The Feds now control my backyard—in direct defiance of the Ninth and Tenth amendments. I have heard and read many stories over the years about imperial intrusions into private affairs, but I recently learned about these firsthand when I tried to refinance my mortgage to take advantage of lower interest rates. I immediately ran up against the benevolent wall of FEMA (the Federal Emergency Management Agency) —you know, those nice folks who take care of you when disaster strikes. (I wonder how folks got along before we had all these nice agencies to take care of us.) There is a tiny creek at the back of my property that has occasionally overflowed slightly into my back lot, which is quite large. The slight flooding has just about been eliminated since the county did some work up the line a few years ago. Flooding has never offered the slightest threat to my house, and all surveys have shown no reasonable possibility of it doing so. Neither I nor my neighbors have ever felt the need for flood insurance.

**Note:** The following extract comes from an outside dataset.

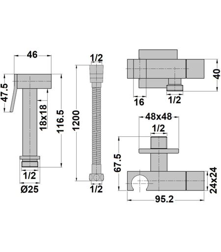 Mini kit - Douchette carrée à gachette avec robinet d'arrêt Epoxy noir mat ...

But it appears that the benevolent boys from FEMA made maps picturing my house potentially under water—a preposterous error. (What does this have to do with emergency management, by the way? And what were they doing in my back yard without permission?) As a result, the mortgage lender is now required to require me to take out flood insurance—or no loan. This requires a new survey and a “federal elevation certificate.” So, profits for the surveyor, the lender, and the insurance company. For me, delay—nearly annihilating the benefits of low interest rates. (I find that several of my neighbors decided that the quest was not worth it.)

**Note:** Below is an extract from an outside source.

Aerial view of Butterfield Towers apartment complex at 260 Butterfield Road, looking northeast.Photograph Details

Will FEMA ever do anything for me? No. Do I want them ever to do anything for me? No. I will be grateful if heavily armed imperial storm troopers don’t descend upon my house, as documented in the August Chronicles (“Desert Storm Troopers“). I am reminded of what happened in the aftermath of the major disaster we had here in South Carolina with Hurricane Hugo a few years ago. With great fanfare, Congress passed a $100 million relief bill, pushed by our two powerful senators. (The vote was 100-0 in the Senate, as I recall.) A while later we learned—in the small print—that we got almost none of the “victims’ relief” It all went to Puerto Rico and the Virgin Islands, where nobody had any insurance.

It does no good to talk about “conservatives” and “liberals” in the context of such outrages, much less to complain endlessly about the evils of Clinton. (Does anyone really believe that the government terrorist/bureaucrats would have behaved differently at Waco if it had occurred on George Bush’s watch?) The Republican “conservatives” have been promising to reduce government for a generation now. They lie. Two decades ago, I stood not far from candidate Ronald Reagan on the steps of our state capitol and heard him promise to reduce fraud, waste, expenditures, and regulation in every government agency. He lied. But we have a much deeper problem here than mere politicians’ lies. The Republican Party, in its very origins and raison d’être, was a vehicle for activist government. It was devoted to regulation and subsidy for the benefit of railroads, bankers, industrialists, and for suppression of “Rum, Romanism, and Rebellion” (i.e., the behavior of Southerners and Catholics). The “conservative” Bob Dole was completely in character and tradition when he sponsored a Disabilities Act that regulates every parking lot and building in every town and city in the land (including rural churches). He began his public career, after all, as the New Deal poster boy for “rehabilitation,” part of the p.r. campaign to softsoap the public about the sufferings of those citizens who were mangled in the “Good War.”

The problem is more than one of efficient “public policy.” It is a problem of national character. We cannot hope for any relief from the imperial state until enough people resume the habits of self-government, if that is possible.

I have just learned from a surveyor, by the way, that FEMA based its maps on an aerial survey, which has a large margin of error. What was FEMA doing flying over my back yard?